**Records for this task:**
____________
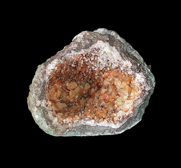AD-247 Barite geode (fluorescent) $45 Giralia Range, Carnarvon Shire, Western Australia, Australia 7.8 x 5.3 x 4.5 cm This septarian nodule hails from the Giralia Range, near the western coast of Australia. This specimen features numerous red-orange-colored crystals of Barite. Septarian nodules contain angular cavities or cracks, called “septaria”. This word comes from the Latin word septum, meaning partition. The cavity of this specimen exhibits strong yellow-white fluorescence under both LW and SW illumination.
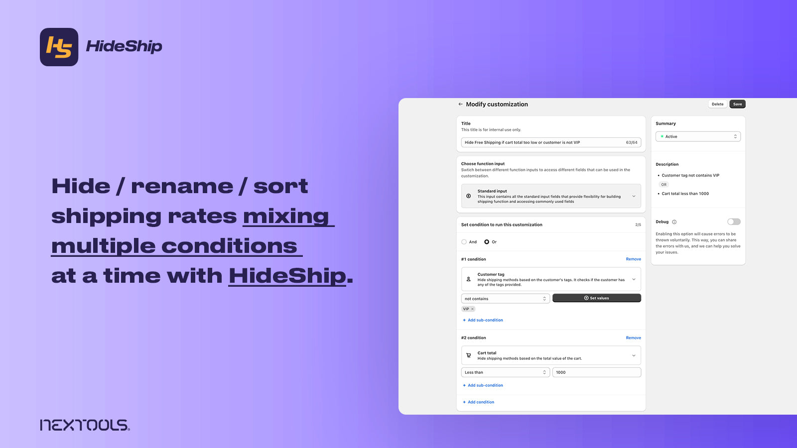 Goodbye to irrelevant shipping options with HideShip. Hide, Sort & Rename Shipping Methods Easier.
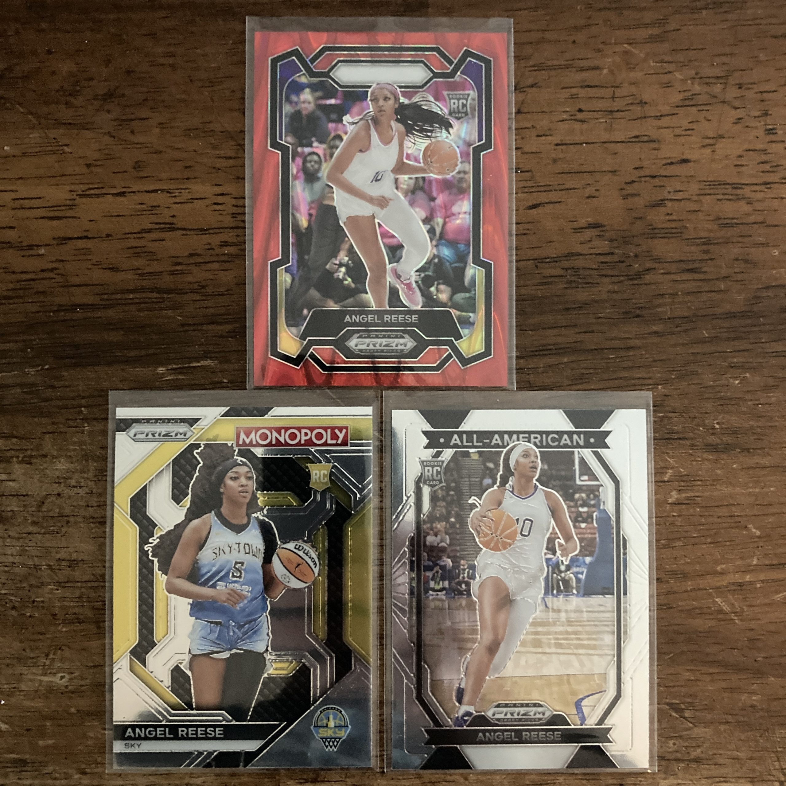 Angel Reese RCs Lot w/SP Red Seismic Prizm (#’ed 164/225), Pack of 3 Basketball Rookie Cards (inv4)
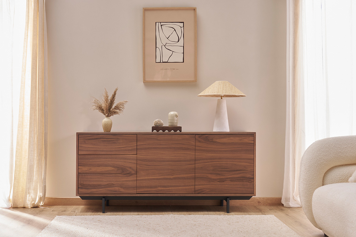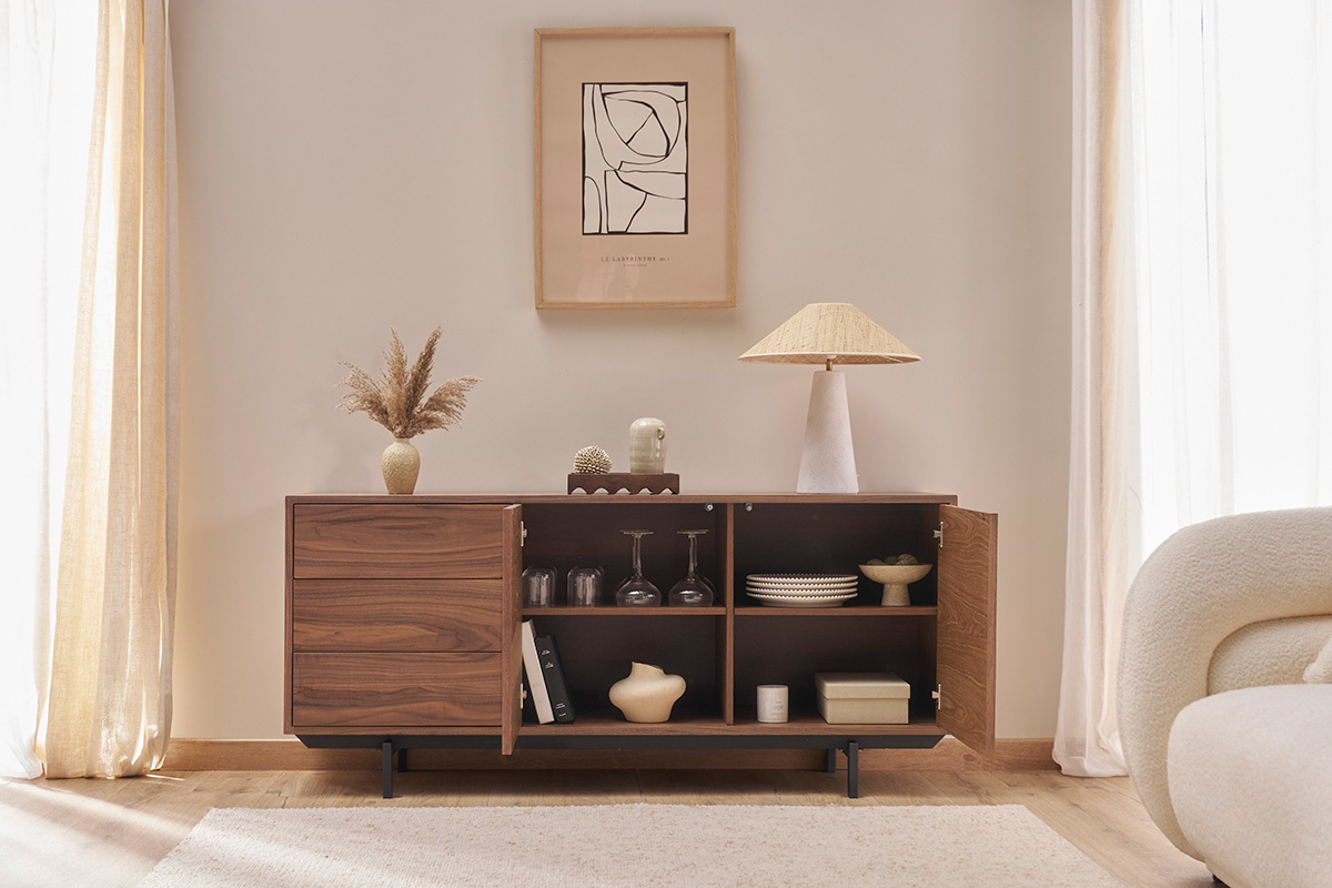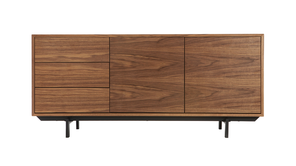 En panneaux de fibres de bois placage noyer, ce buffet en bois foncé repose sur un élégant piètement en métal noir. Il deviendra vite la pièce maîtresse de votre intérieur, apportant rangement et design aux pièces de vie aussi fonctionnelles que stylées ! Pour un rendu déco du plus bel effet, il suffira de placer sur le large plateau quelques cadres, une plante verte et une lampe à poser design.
____________
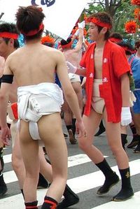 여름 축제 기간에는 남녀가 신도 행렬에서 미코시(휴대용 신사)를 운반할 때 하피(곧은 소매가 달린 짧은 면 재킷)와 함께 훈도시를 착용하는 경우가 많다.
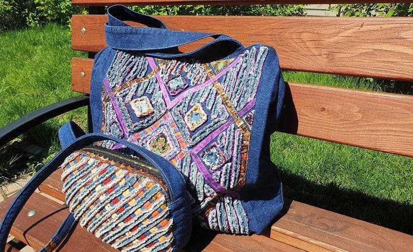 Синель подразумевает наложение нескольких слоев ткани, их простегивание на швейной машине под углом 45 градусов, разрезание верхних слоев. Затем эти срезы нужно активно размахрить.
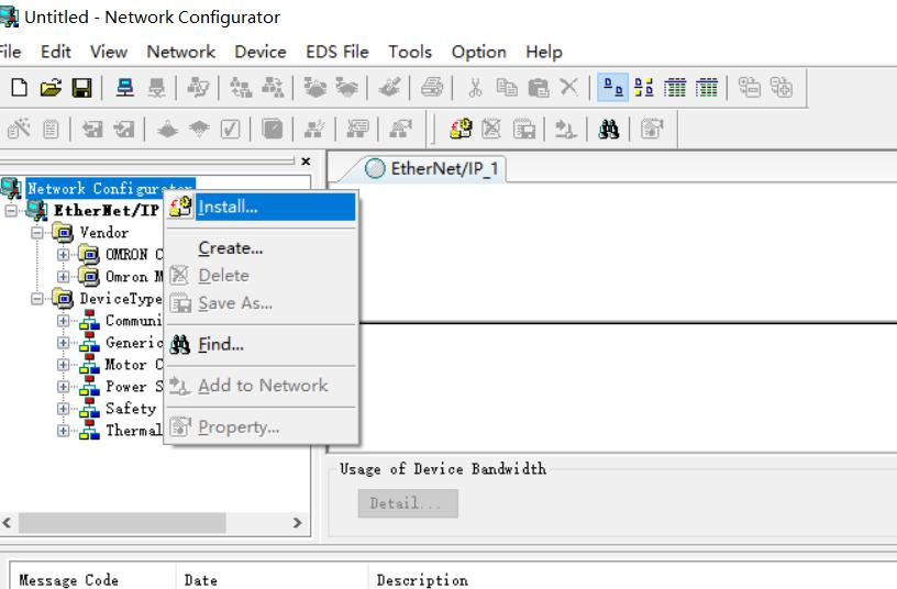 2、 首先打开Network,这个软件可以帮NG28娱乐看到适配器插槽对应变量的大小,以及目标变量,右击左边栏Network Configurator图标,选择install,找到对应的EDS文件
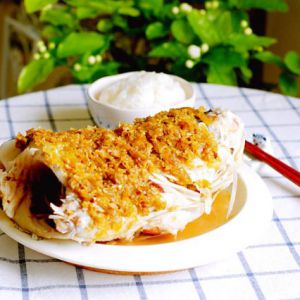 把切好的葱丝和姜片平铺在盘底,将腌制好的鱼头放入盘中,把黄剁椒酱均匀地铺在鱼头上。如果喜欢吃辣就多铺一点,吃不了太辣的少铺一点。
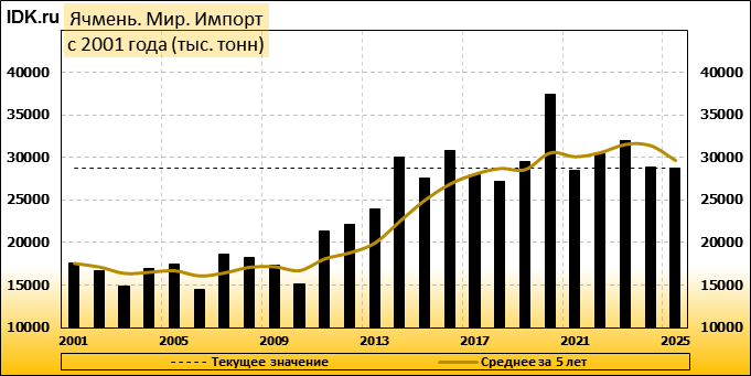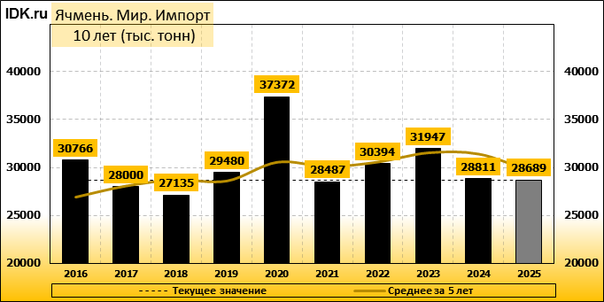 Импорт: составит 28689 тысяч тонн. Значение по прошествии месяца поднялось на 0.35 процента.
____________
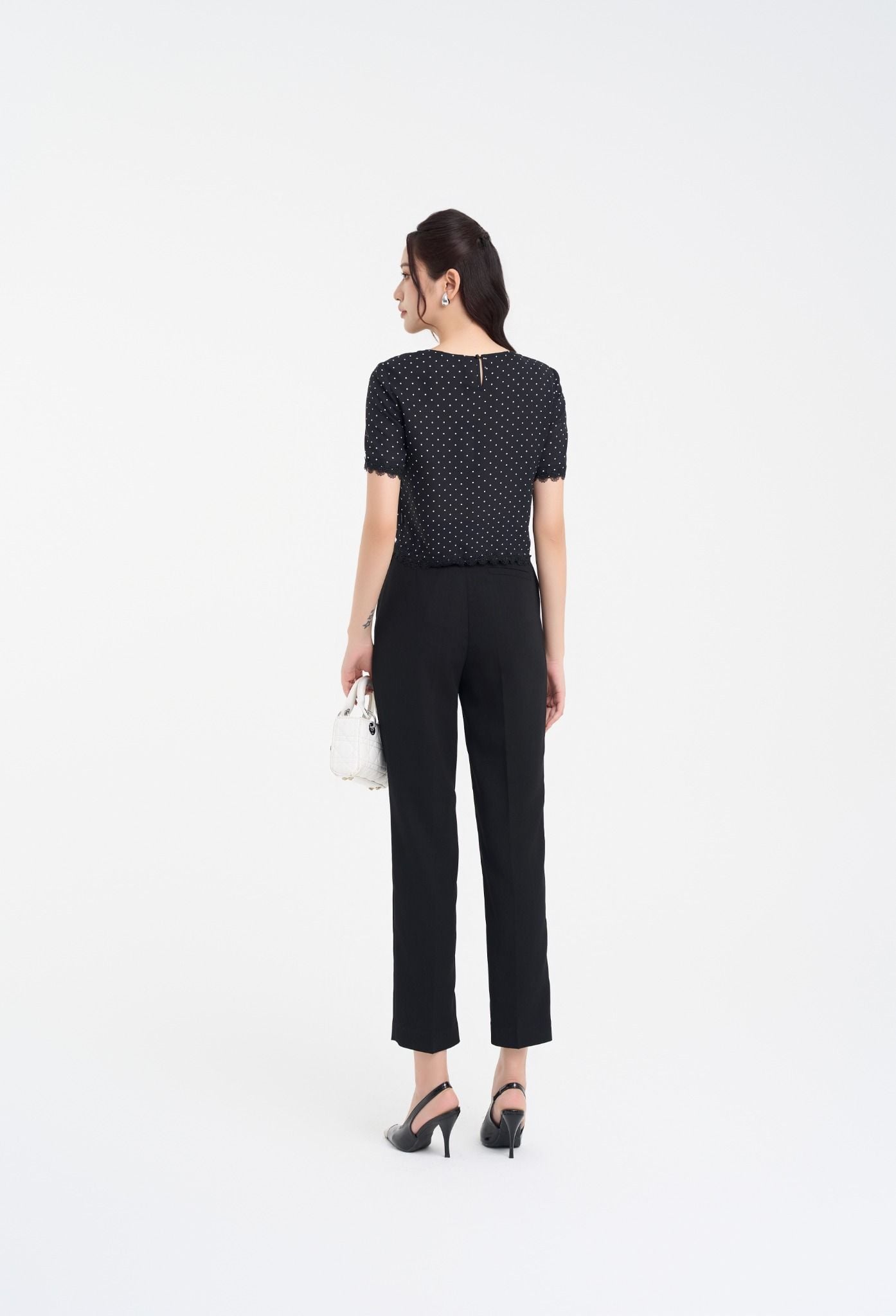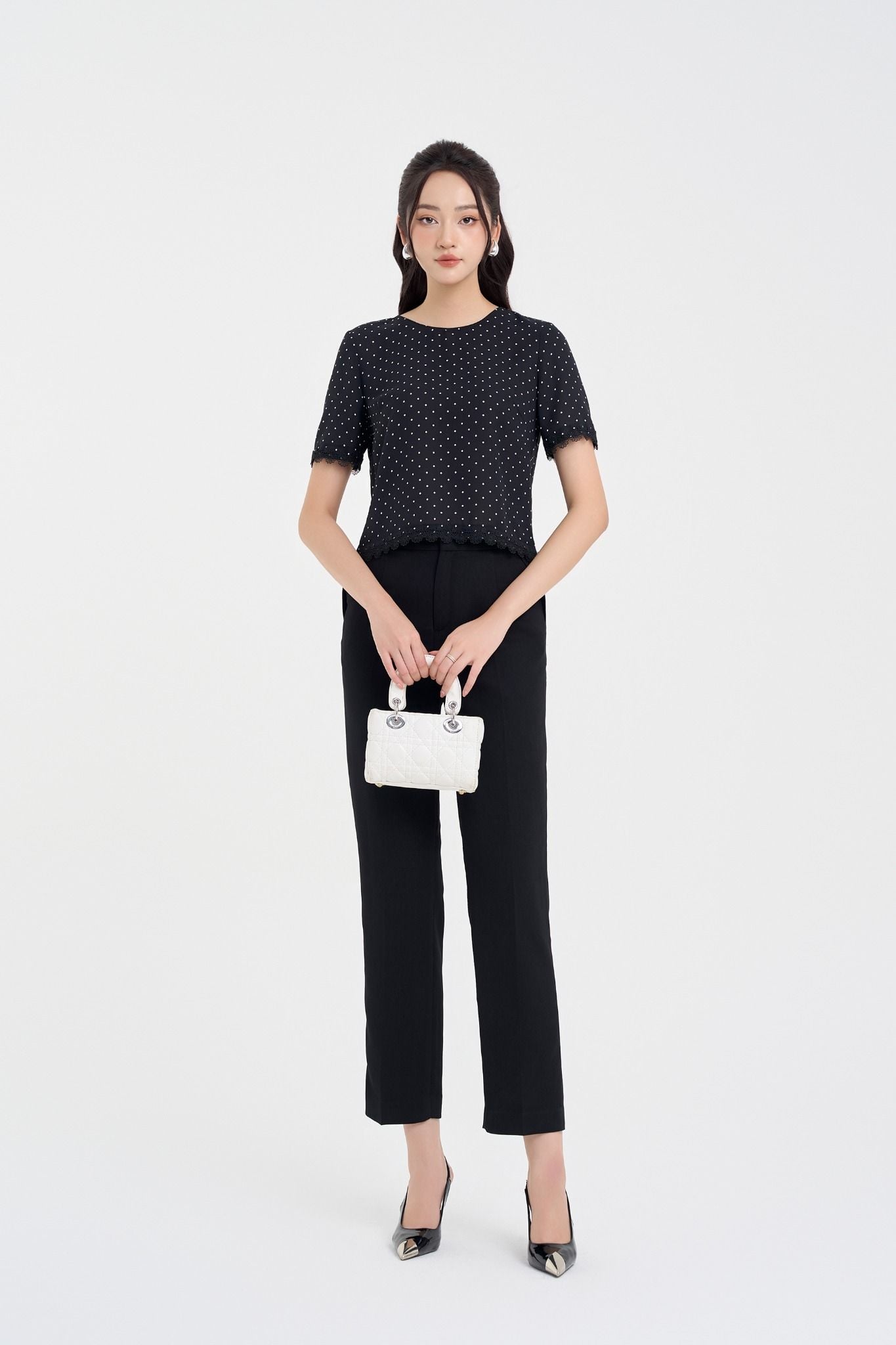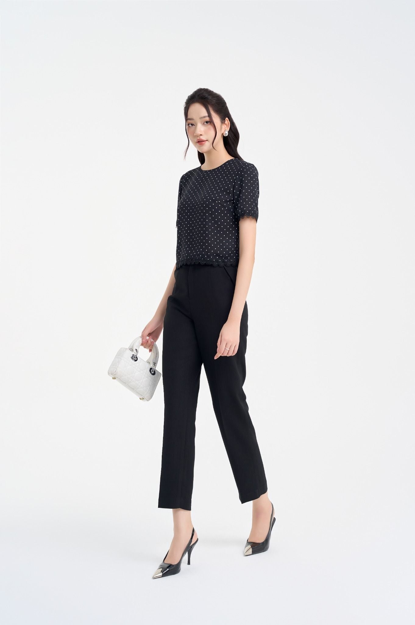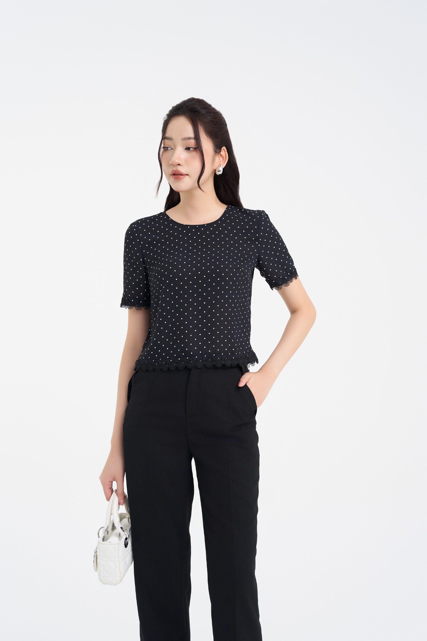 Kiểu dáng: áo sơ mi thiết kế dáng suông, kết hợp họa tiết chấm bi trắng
____________
Reproduce, word for word, everything in the listing above from the line containing "AD-247 Barite geode" down to the line containing "En panneaux de", both of them included. No pictures.

AD-247 Barite geode (fluorescent) $45 Giralia Range, Carnarvon Shire, Western Australia, Australia 7.8 x 5.3 x 4.5 cm This septarian nodule hails from the Giralia Range, near the western coast of Australia. This specimen features numerous red-orange-colored crystals of Barite. Septarian nodules contain angular cavities or cracks, called “septaria”. This word comes from the Latin word septum, meaning partition. The cavity of this specimen exhibits strong yellow-white fluorescence under both LW and SW illumination.
 Goodbye to irrelevant shipping options with HideShip. Hide, Sort & Rename Shipping Methods Easier.
 Angel Reese RCs Lot w/SP Red Seismic Prizm (#’ed 164/225), Pack of 3 Basketball Rookie Cards (inv4)
 En panneaux de fibres de bois placage noyer, ce buffet en bois foncé repose sur un élégant piètement en métal noir. Il deviendra vite la pièce maîtresse de votre intérieur, apportant rangement et design aux pièces de vie aussi fonctionnelles que stylées ! Pour un rendu déco du plus bel effet, il suffira de placer sur le large plateau quelques cadres, une plante verte et une lampe à poser design.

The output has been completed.